## Exercise objective
Your answer must be the exact lines of the listing below that run from the line with "The enrichment network" to the line with "User Profiles in Squash TM", ends included, and no pictures.

## Record set
────────
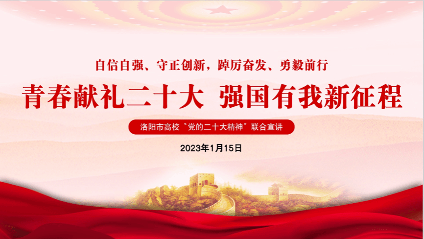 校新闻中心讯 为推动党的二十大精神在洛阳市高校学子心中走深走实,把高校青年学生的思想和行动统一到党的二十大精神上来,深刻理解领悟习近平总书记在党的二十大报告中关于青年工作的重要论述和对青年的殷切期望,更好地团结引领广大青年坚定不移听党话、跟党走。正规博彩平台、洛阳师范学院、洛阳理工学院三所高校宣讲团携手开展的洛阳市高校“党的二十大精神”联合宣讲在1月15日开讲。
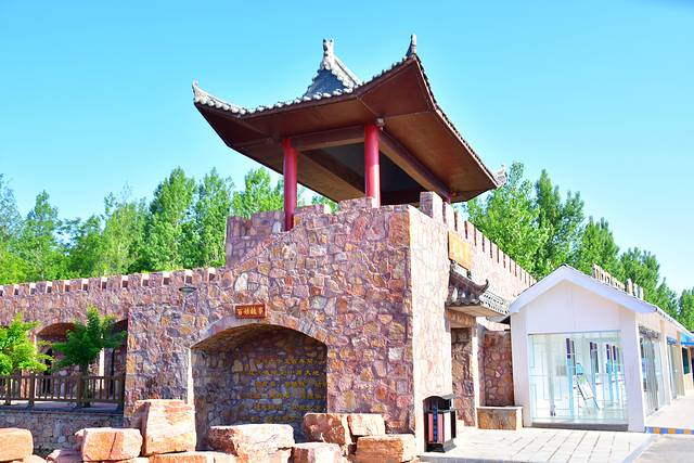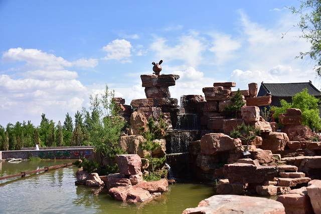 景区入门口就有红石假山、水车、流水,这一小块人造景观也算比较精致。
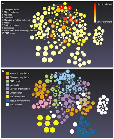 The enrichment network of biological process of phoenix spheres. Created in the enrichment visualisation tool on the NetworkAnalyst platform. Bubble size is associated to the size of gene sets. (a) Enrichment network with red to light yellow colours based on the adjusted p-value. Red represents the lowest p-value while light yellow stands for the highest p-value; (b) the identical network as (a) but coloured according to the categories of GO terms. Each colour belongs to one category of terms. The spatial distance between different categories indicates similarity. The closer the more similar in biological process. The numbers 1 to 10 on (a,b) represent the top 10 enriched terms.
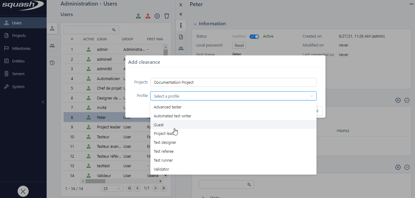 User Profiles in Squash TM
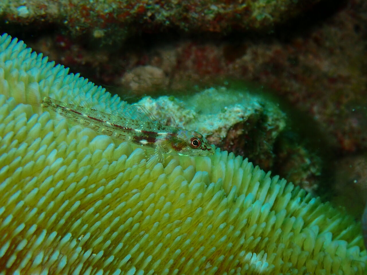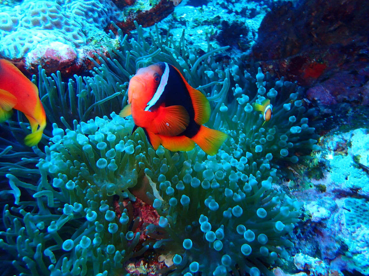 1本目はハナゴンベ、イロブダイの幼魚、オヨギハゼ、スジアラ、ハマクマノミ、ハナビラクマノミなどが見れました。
────────
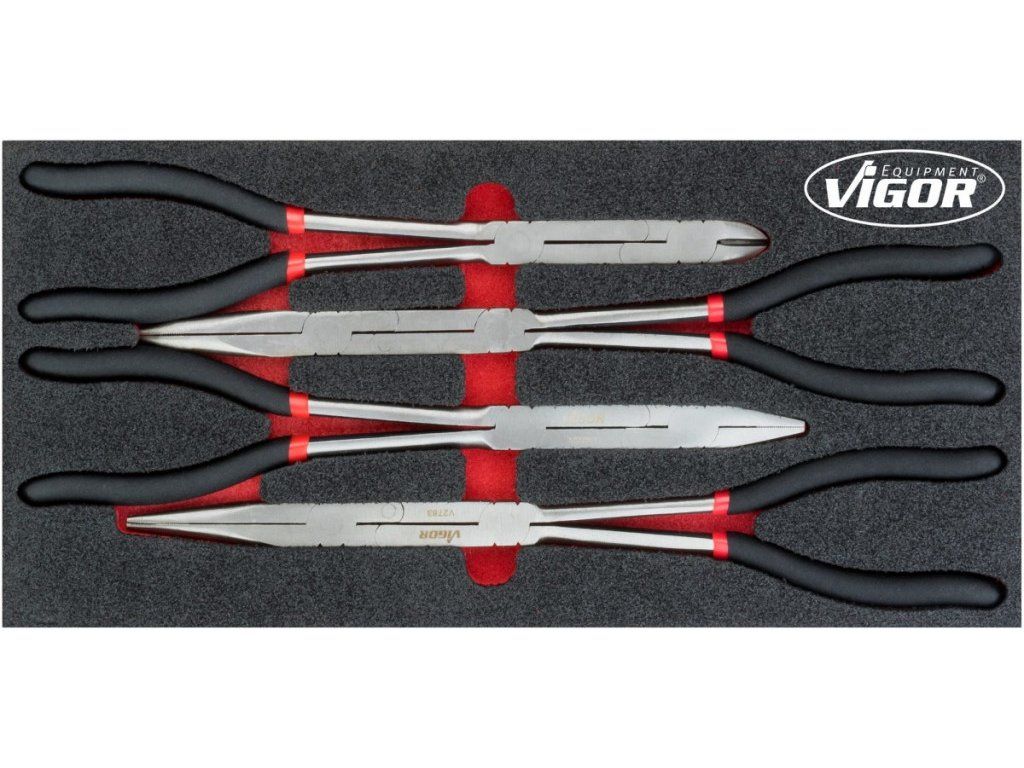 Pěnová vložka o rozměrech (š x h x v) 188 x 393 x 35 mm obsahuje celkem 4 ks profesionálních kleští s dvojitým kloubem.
────────
## Output of the exercise
 The enrichment network of biological process of phoenix spheres. Created in the enrichment visualisation tool on the NetworkAnalyst platform. Bubble size is associated to the size of gene sets. (a) Enrichment network with red to light yellow colours based on the adjusted p-value. Red represents the lowest p-value while light yellow stands for the highest p-value; (b) the identical network as (a) but coloured according to the categories of GO terms. Each colour belongs to one category of terms. The spatial distance between different categories indicates similarity. The closer the more similar in biological process. The numbers 1 to 10 on (a,b) represent the top 10 enriched terms.
 User Profiles in Squash TM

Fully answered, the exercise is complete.